Il periodo in cui Roberto Morrione ebbe l’intuizione geniale di fondare un canale televisivo all-news coincise col mio ritorno in pianta stabile, dopo alcuni anni trascorsi come consulente esterno, negli uffici di Amnesty International Italia, in qualità di portavoce dell’associazione.
L’idea di uno spazio televisivo che fornisse, con continuità nel corso della giornata, notizie fresche e aggiornamenti delle precedenti era di per sé innovativa. Ma la politica editoriale di quello spazio avrebbe potuto prendere direzioni diverse: ad esempio, essere una sorta di servizio pubblico della politica, dando poco spazio al resto.
In quel resto, c’erano le “mie” notizie. Quelle che vivevano nelle periferie del mondo, scarsamente e raramente illuminate dall’informazione. Nei luoghi dove la regola del potere era il silenzio.
Grazie a Roberto, quelle notizie e quei luoghi iniziarono ad apparire. Non in risicati spazi televisivi notturni, ma nelle edizioni dei telegiornali, negli approfondimenti, nelle inchieste, nelle dirette.
Rai News 24 fu, con Roberto, qualcosa di profondamente diverso da ciò che era già allora, e ancora di più è diventato oggi, un format televisivo. Oggi, giornalisti dialogano con altri giornalisti, si fanno domande e si danno risposte su temi dei quali spesso conoscono poco. Oggi, le sedie dei dibattiti televisivi sono occupate da persone che parlano, con supponenza, di genocidi e altri crimini dopo aver concionato sul superbonus e pronti ad affrontare il successivo argomento, ad esempio il premierato.
No, Rai News 24 non era così: i giornalisti andavano sul posto, facevano domande a testimoni, sopravvissuti, protagonisti e vittime. In studio, erano invitati esperti e non opinionisti. Era la tv dell’autorevolezza, non dell’approssimazione. Si parlava di ciò che si sapeva e si taceva di ciò che non si sapeva. E tra quelle persone esperte, ogni tanto c’ero anch’io: su un tema, su un problema specifico. I diritti umani stavano diventando, grazie a Roberto, una sezione del palinsesto, un blocco di notizie.
Sarebbe ingeneroso dire che, dopo Roberto, c’è stato il buio. Ci sono colleghe e colleghi in Rai che sono stati uccisi mentre facevano giornalismo come Roberto aveva insegnato a fare: d’inchiesta, con la schiena dritta, senza fare sconti.
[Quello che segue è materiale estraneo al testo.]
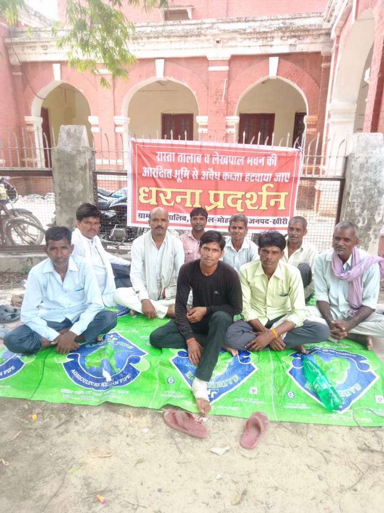 तो वहीं पर उत्तर प्रदेश के लखीमपुर खीरी जिले की मोहम्मदी तहसील के ग्राम मुडागालिव के आदेश जोशी, हरी राम, संजीत कुमार, लाल बहादुर, राम सहय, दिनेश पाल, लखीमपुर बिलोबी हाल में अतिक्रमण से कब्जा हटाने के संबंध में धरने पर तीन दिनों से बैठे हैं आप को बता दें कि आदेश कुमार जोशी कहीं शिकायत करते-करते पैरों की चप्पल घिस गई तो शरीर का पानी सूख गया लेकिन मोहम्मदी के अधिकारियों पर कोई भी असर ना हुआ आखिर अतिक्रमण करने वाले पर ऐसा कौन सा पावर ऐसा कौन सा सहयोग प्राप्त है जिसके चलते अवैध अतिक्रमण को हटाने के लिए लोगों को न्याय पाने के लिए धरनो पर बैठना पड़ता है आपको बताते चलें धरने पर बैठे लोगों को आज तीसरा दिन बीतने जा रहा है लेकिन अभी तक धरने पर बैठे लोगों का कोई भी निष्कर्ष नहीं निकाला जा सका धरने पर बैठे आदेश कुमार जोशी से फोन पर जब जानकारी की गई तो आदेश कुमार जोशी ने जानकारी देते हुए बताया इससे पहले भी हम लखनऊ इको गार्डन में तीन दिन धरने पर बैठकर वहां के अधिकारियों ने भरोसा देखकर धरना खत्म कर दिया और या भरोसा दिया था अतिक्रमण संबंधित आप जो शिकायत कर रहे हैं उसका समाधान हो जाएगा लेकिन आदेश कुमार जोशी को सिर्फ और सिर्फ भरोसा ही मिला उसके सिवा कुछ नहीं अब आदेश कुमार जोशी ने ठाना है जब तक किसी प्रकार का कोई समाधान नहीं होता है तब तक हम सभी लोग धरने से नहीं हटेंगे इसके लिए चाहे हमें कितने दिन बिताने पड़े चाहे महीना
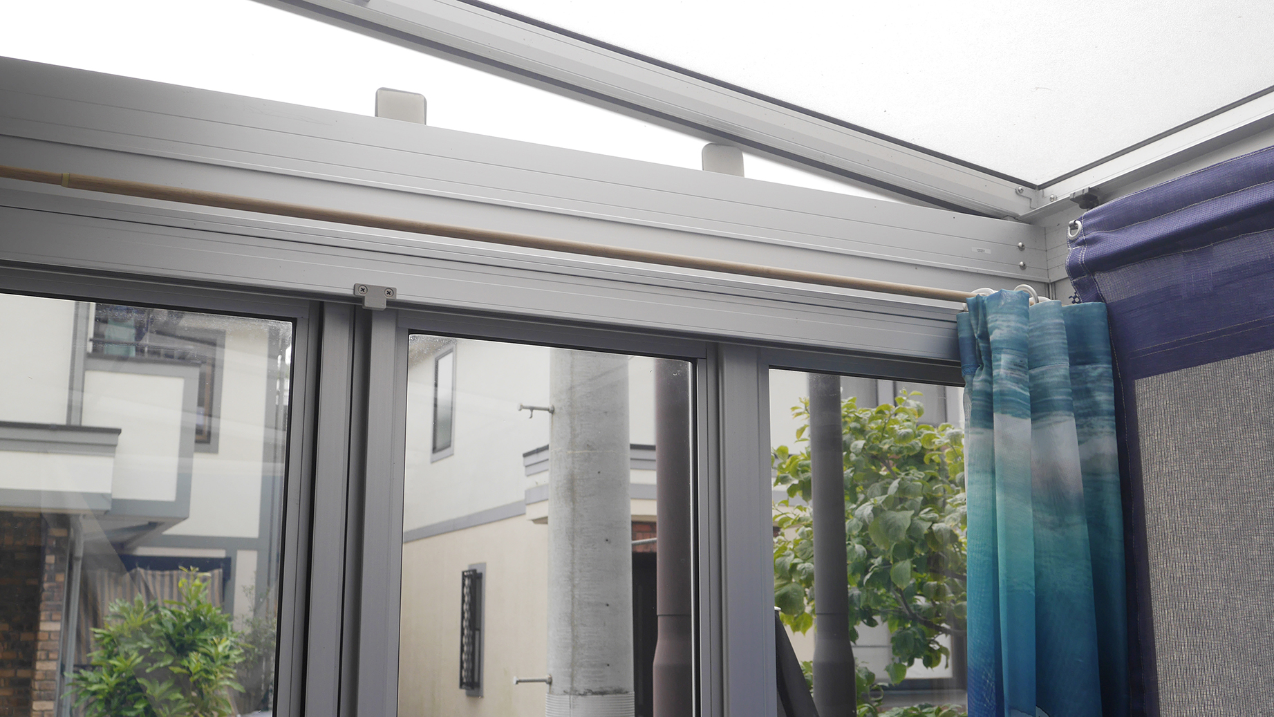 その他、庭に増設されたサンルームでペットが遊べるよう南向きのガラスに遮光シートを張った。
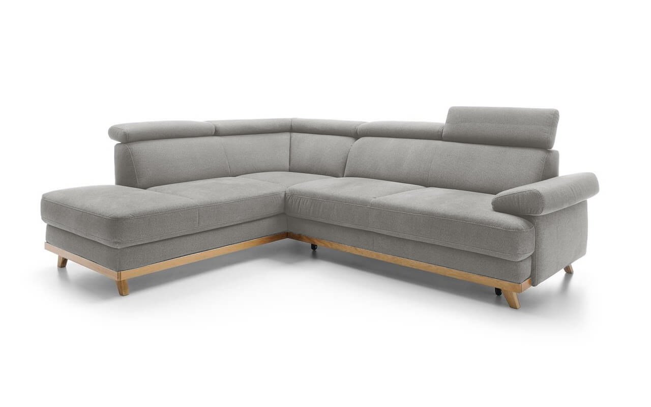 zrychlené vrácení a reklamaceElegantní rohová sedací souprava s komfortně měkkým sezením a polohovatelnými opěrkami hlavy nabízí skvělé pohodlí i praktičnost. Dřevěné nožičky dodáváme v různých odstínech. Vlastní výběr jejich moření uveďte do poznámky na konci objednávky.

Però è proprio quell’idea che non va più per la maggiore: i diritti umani come sezione di notizie. La politica è chiamata a interpretare e a commentare ogni cosa.
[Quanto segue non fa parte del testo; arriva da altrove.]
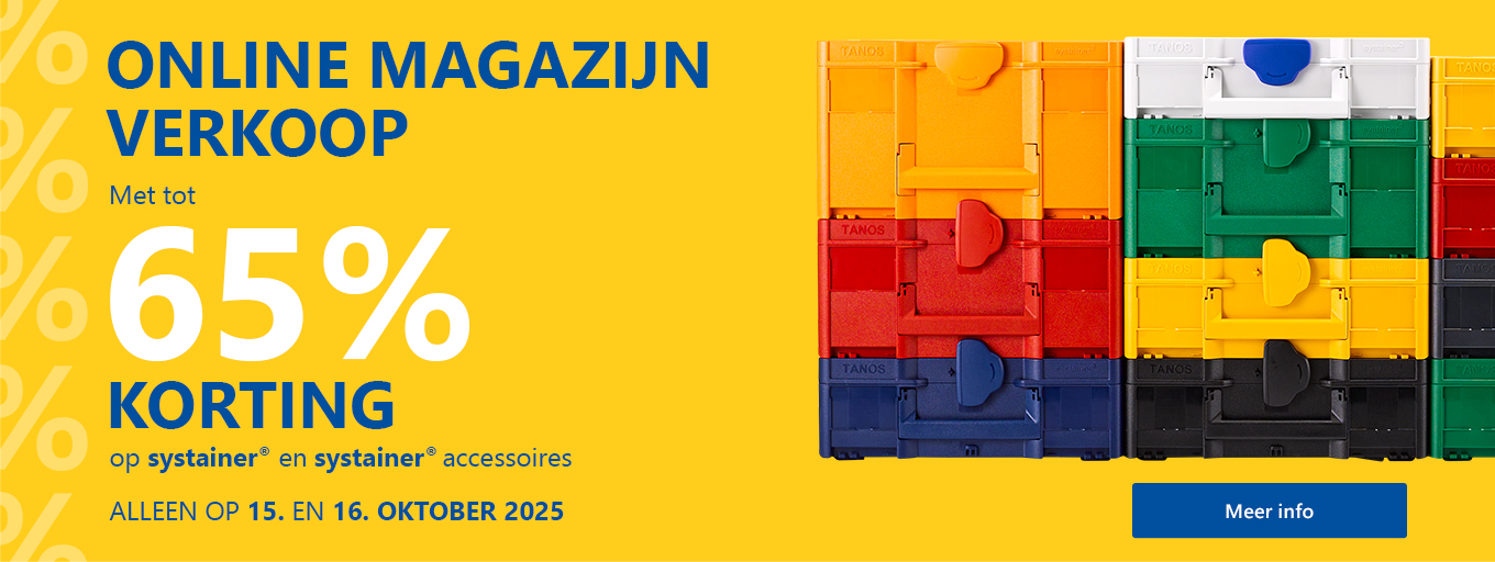 De virtuele schappen van onze online shop staan vol met ons grote systainer®-assortiment. U vindt er alles van de beproefde systainer® T-Loc tot de nieuwe generatie systainers³. Alle systainers® hebben het betrouwbare T-Loc-slot en zijn compatibel met de Festool systainer®. Blader door de systainer®-accessoires en ontdek de systainer®-inzetstukken (dekselinzetstukken/basisinzetstukken) en complete systainer®-sets. U vindt er ook informatie over systainer®-aanbiedingen en de voorraadverkoop. Rechtstreeks van de fabrikant TANOS en uit eerste hand.
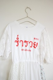 ユニークなタイの文字や、スカートには野菜柄の布地などを使用した
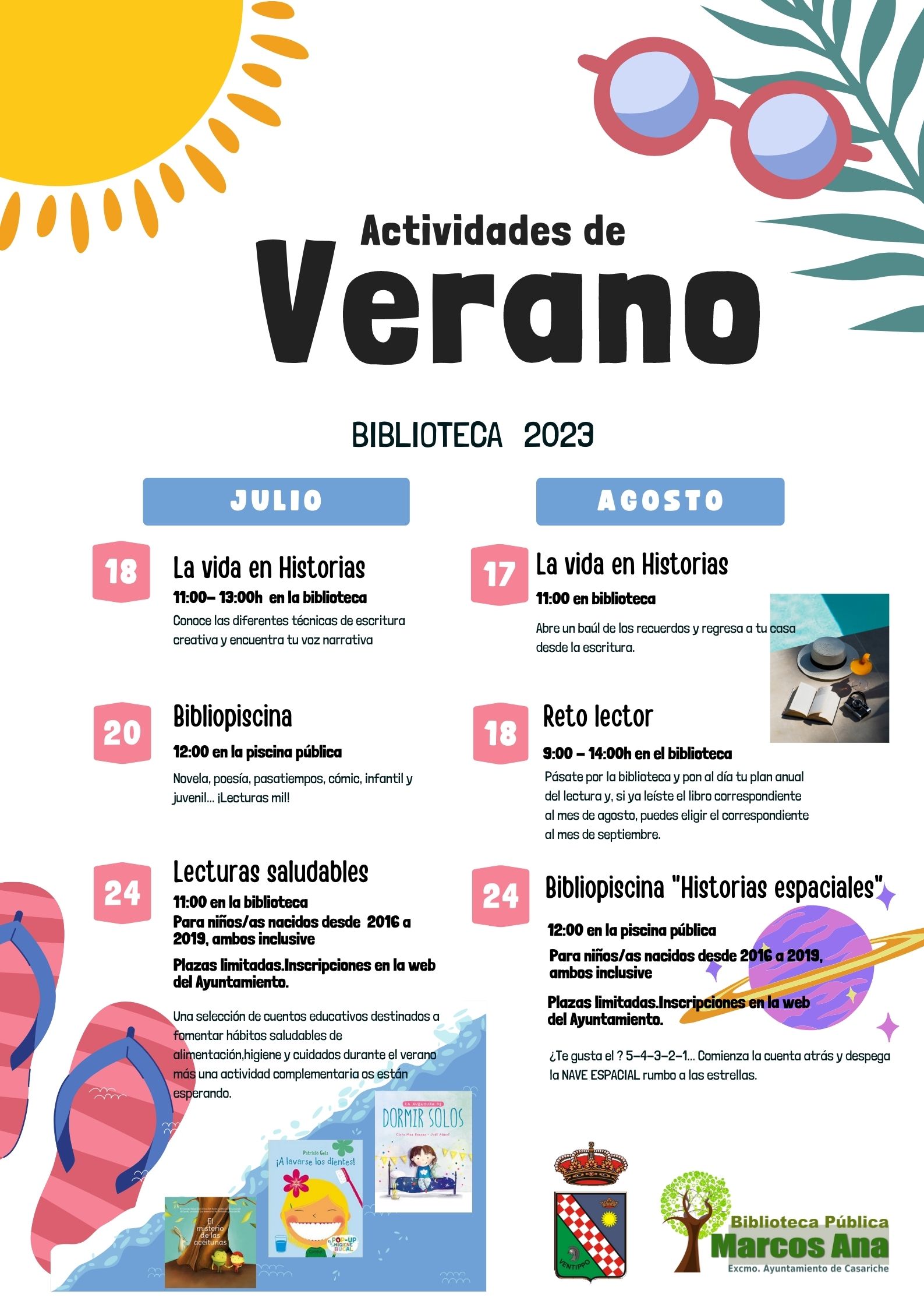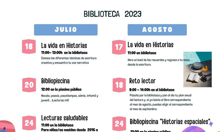 Hoy damos a conocer la completa y atractiva programación de la Biblioteca Pública ‘Marcos Ana’ para los meses de Julio y Agosto, que contempla dos nuevos encuentros de escritura creativa (los días 18 de Julio y 17 de Agosto), dos jornadas de Bibliopiscina en nuestra piscina municipal (el 20 Julio y el 24 de Agosto, este último con una sesión de cuentacuentos denominada ‘Historias espaciales’), así como una mañana de narración oral con Lecturas Saludables (el 24 de Julio) y el Reto Lector (el 18 de Agosto), para que podáis actualizar vuestro plan anual de lectura.

Oggi, negli studi televisivi, se c’è un’alluvione si chiama un esperto di clima; se c’è un terremoto s’invita uno studioso dei movimenti sismici. Ma se c’è un naufragio di persone migranti, si chiamano gli schieramenti opposti della politica. A Roberto non sarebbe interessato il loro parere. Avrebbe chiamato me e colleghe e colleghi delle organizzazioni per i diritti umani.